Below is a listing with pictures in it; transcribe exactly the lines from the one that has "This elegant iron" through the one that has "СИБ ИТ по адресу", and omit those pictures.

## Recorded information
►

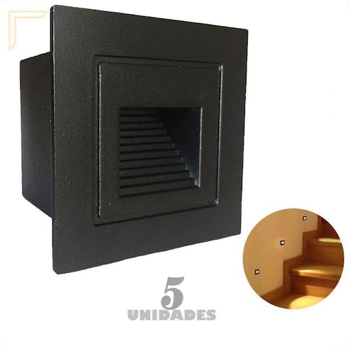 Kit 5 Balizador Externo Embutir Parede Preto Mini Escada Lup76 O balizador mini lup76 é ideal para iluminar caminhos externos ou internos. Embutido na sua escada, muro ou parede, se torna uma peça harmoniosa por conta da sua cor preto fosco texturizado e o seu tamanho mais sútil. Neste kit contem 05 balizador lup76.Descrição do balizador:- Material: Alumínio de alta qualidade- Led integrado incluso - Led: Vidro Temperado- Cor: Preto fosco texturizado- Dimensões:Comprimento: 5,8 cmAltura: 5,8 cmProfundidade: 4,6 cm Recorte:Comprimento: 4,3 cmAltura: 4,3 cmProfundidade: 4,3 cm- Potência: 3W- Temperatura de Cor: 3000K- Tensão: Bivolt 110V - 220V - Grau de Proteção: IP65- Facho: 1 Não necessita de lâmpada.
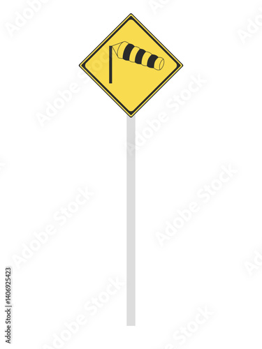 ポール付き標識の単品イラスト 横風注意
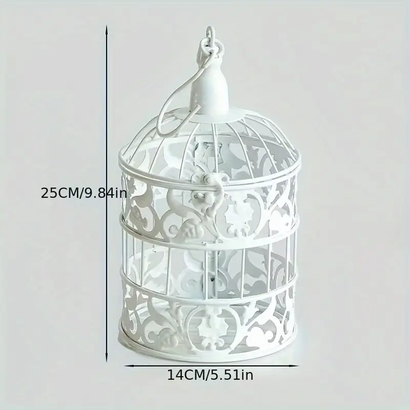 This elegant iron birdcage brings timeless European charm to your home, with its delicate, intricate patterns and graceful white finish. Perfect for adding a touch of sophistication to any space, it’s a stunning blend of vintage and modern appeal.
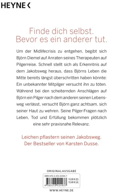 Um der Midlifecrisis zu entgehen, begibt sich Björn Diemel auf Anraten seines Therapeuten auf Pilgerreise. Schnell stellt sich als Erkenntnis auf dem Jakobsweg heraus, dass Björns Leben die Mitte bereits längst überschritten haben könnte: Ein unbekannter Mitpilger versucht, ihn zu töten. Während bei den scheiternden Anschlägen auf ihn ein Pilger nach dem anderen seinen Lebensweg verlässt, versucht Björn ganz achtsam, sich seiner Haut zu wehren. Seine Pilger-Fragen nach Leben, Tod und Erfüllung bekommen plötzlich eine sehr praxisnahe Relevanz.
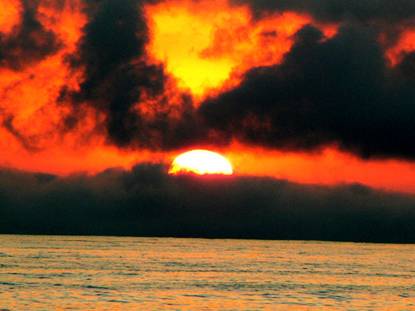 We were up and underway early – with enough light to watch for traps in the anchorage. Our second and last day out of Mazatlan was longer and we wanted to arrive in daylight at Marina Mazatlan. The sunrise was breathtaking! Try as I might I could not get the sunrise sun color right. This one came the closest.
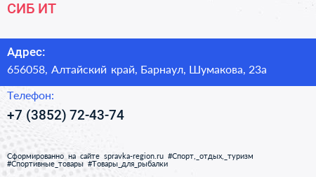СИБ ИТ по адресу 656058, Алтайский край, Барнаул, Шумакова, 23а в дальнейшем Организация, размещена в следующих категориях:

◄
►

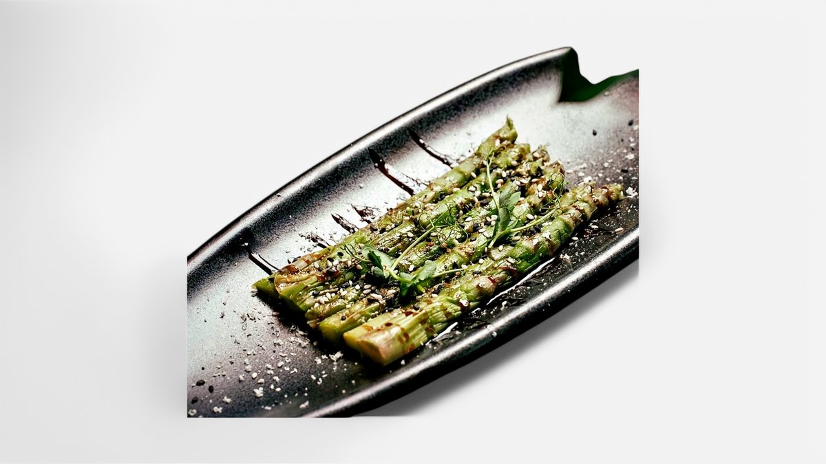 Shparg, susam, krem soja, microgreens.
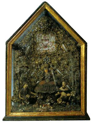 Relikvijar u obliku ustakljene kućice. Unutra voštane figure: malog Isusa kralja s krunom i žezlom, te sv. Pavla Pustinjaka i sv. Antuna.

◄
►

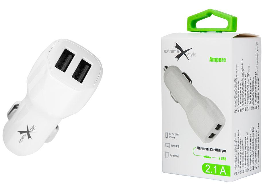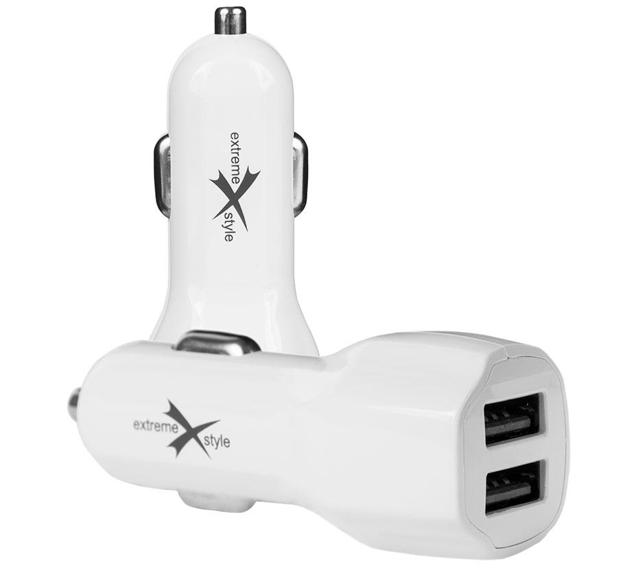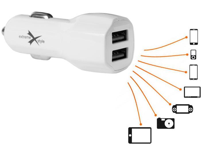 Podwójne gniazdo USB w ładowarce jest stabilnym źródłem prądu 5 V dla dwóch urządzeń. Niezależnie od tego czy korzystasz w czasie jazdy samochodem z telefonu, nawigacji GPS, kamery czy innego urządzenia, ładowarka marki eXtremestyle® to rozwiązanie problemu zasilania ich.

◄

## Answer for this exercise
 This elegant iron birdcage brings timeless European charm to your home, with its delicate, intricate patterns and graceful white finish. Perfect for adding a touch of sophistication to any space, it’s a stunning blend of vintage and modern appeal.
 Um der Midlifecrisis zu entgehen, begibt sich Björn Diemel auf Anraten seines Therapeuten auf Pilgerreise. Schnell stellt sich als Erkenntnis auf dem Jakobsweg heraus, dass Björns Leben die Mitte bereits längst überschritten haben könnte: Ein unbekannter Mitpilger versucht, ihn zu töten. Während bei den scheiternden Anschlägen auf ihn ein Pilger nach dem anderen seinen Lebensweg verlässt, versucht Björn ganz achtsam, sich seiner Haut zu wehren. Seine Pilger-Fragen nach Leben, Tod und Erfüllung bekommen plötzlich eine sehr praxisnahe Relevanz.
 We were up and underway early – with enough light to watch for traps in the anchorage. Our second and last day out of Mazatlan was longer and we wanted to arrive in daylight at Marina Mazatlan. The sunrise was breathtaking! Try as I might I could not get the sunrise sun color right. This one came the closest.
СИБ ИТ по адресу 656058, Алтайский край, Барнаул, Шумакова, 23а в дальнейшем Организация, размещена в следующих категориях:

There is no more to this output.